WORK ITEM
Output each line of the listing exactly, though pictures are not to appear.

DATA BLOCK
---*---

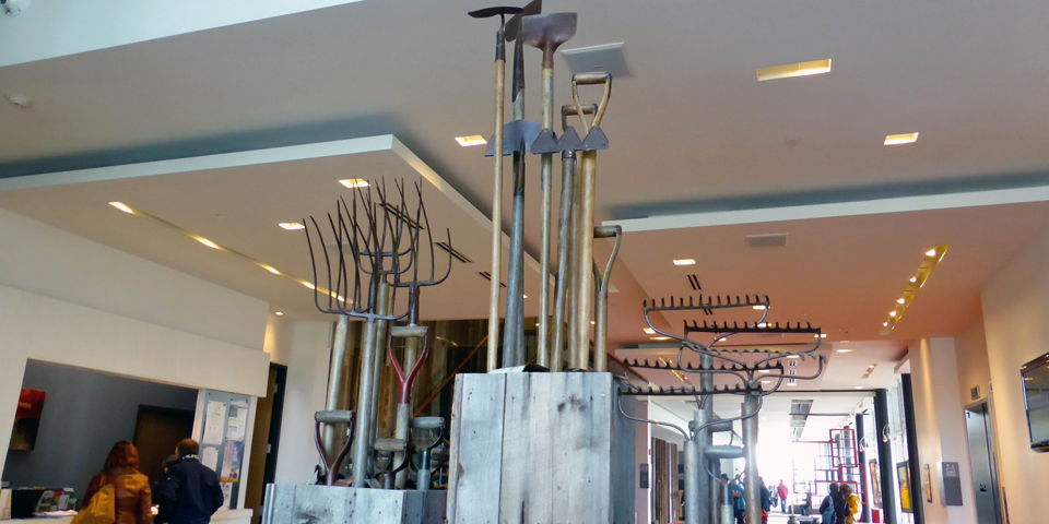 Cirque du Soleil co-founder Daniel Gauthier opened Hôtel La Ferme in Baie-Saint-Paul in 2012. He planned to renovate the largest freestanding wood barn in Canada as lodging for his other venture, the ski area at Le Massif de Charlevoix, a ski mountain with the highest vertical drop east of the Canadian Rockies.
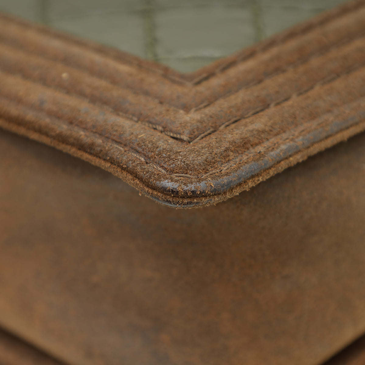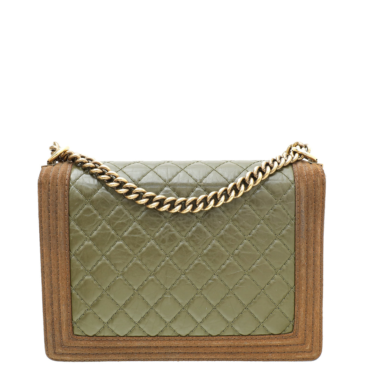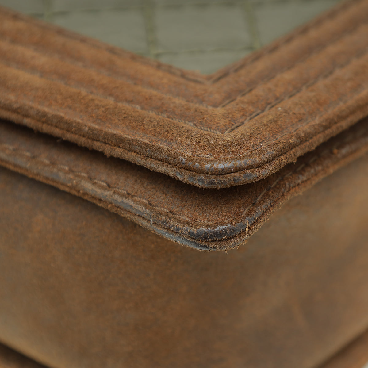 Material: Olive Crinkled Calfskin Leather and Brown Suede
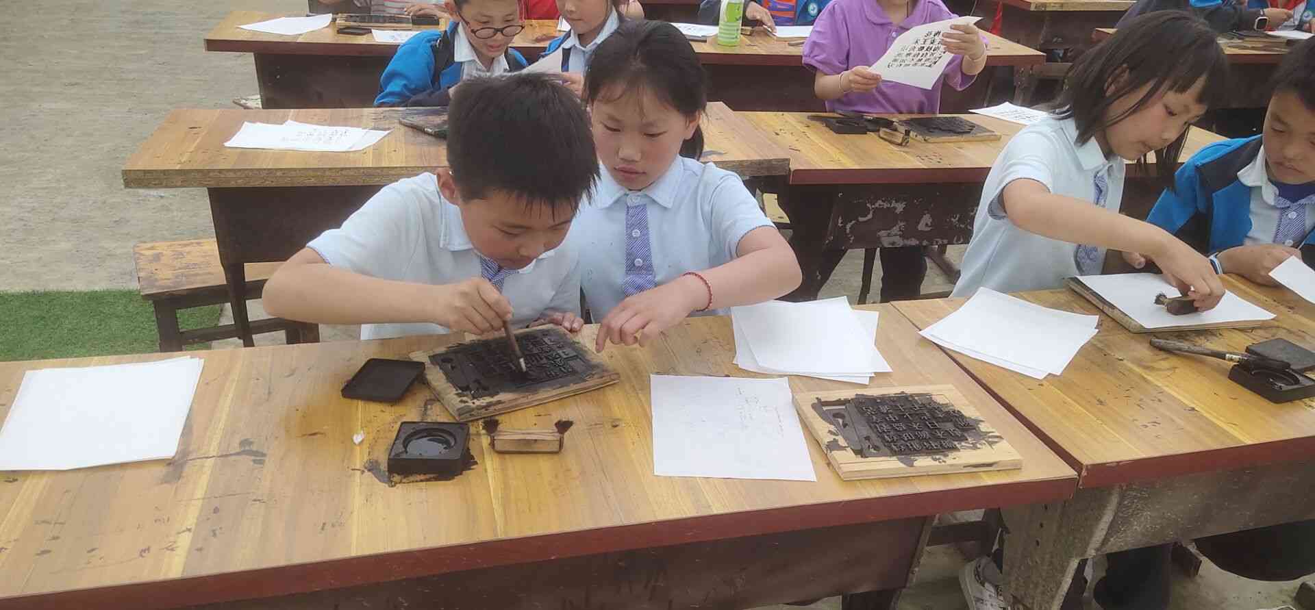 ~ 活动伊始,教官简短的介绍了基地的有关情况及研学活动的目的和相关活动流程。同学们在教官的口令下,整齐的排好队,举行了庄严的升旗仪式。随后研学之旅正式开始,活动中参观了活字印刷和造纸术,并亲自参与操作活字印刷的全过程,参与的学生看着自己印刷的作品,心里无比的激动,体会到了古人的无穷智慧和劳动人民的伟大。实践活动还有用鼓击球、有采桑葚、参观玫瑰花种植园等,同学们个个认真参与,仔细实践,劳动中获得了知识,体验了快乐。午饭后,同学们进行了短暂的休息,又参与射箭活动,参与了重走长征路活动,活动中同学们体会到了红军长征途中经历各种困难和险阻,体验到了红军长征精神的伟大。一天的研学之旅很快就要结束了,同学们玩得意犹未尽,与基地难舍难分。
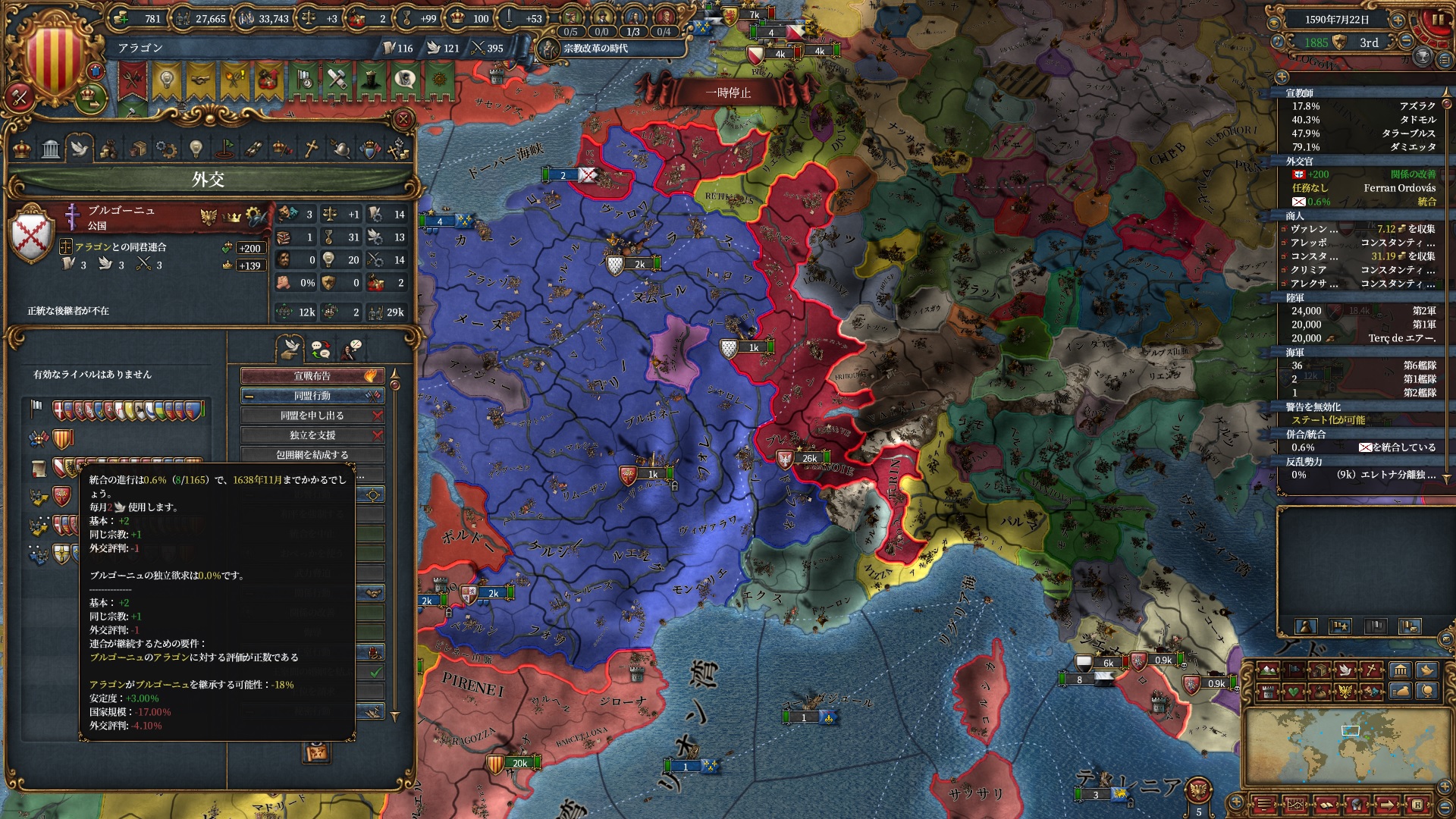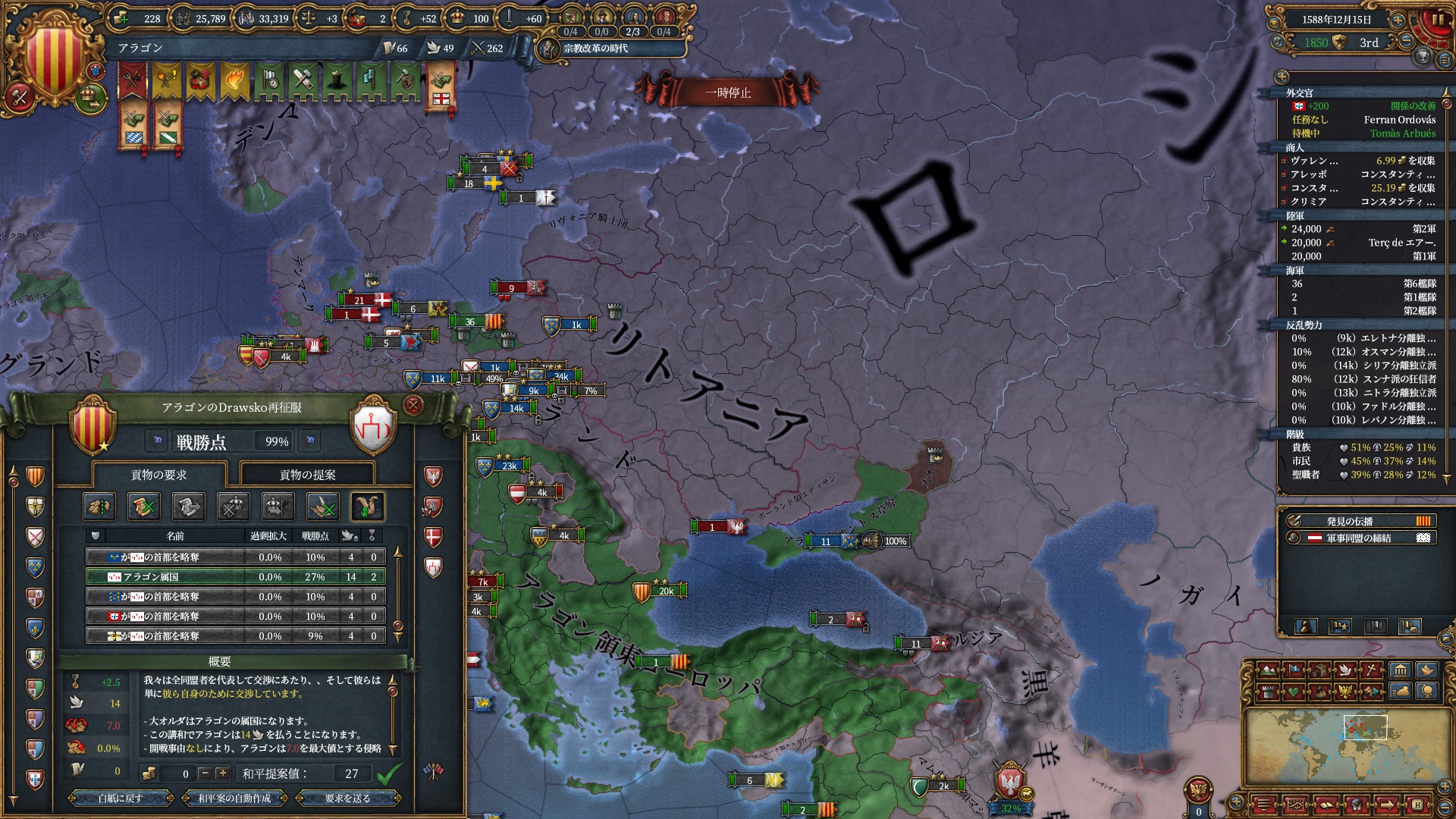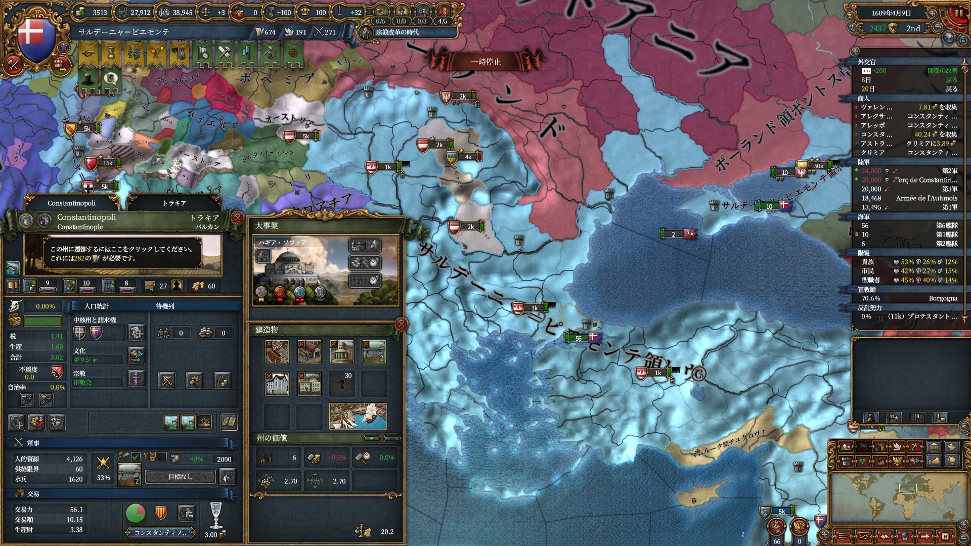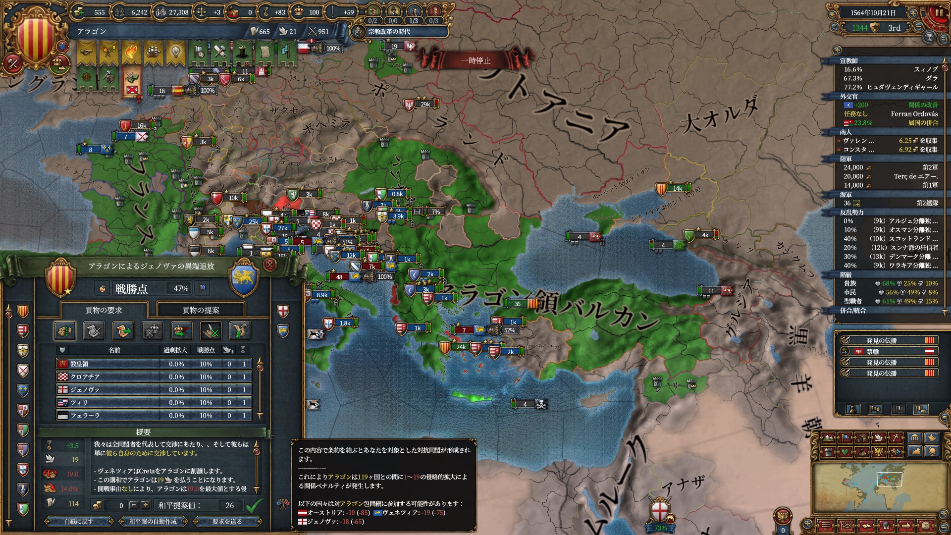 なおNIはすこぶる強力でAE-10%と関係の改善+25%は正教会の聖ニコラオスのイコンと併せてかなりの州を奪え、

---*---

WRITTEN RESPONSE
 Cirque du Soleil co-founder Daniel Gauthier opened Hôtel La Ferme in Baie-Saint-Paul in 2012. He planned to renovate the largest freestanding wood barn in Canada as lodging for his other venture, the ski area at Le Massif de Charlevoix, a ski mountain with the highest vertical drop east of the Canadian Rockies.
 Material: Olive Crinkled Calfskin Leather and Brown Suede
 ~ 活动伊始,教官简短的介绍了基地的有关情况及研学活动的目的和相关活动流程。同学们在教官的口令下,整齐的排好队,举行了庄严的升旗仪式。随后研学之旅正式开始,活动中参观了活字印刷和造纸术,并亲自参与操作活字印刷的全过程,参与的学生看着自己印刷的作品,心里无比的激动,体会到了古人的无穷智慧和劳动人民的伟大。实践活动还有用鼓击球、有采桑葚、参观玫瑰花种植园等,同学们个个认真参与,仔细实践,劳动中获得了知识,体验了快乐。午饭后,同学们进行了短暂的休息,又参与射箭活动,参与了重走长征路活动,活动中同学们体会到了红军长征途中经历各种困难和险阻,体验到了红军长征精神的伟大。一天的研学之旅很快就要结束了,同学们玩得意犹未尽,与基地难舍难分。
 なおNIはすこぶる強力でAE-10%と関係の改善+25%は正教会の聖ニコラオスのイコンと併せてかなりの州を奪え、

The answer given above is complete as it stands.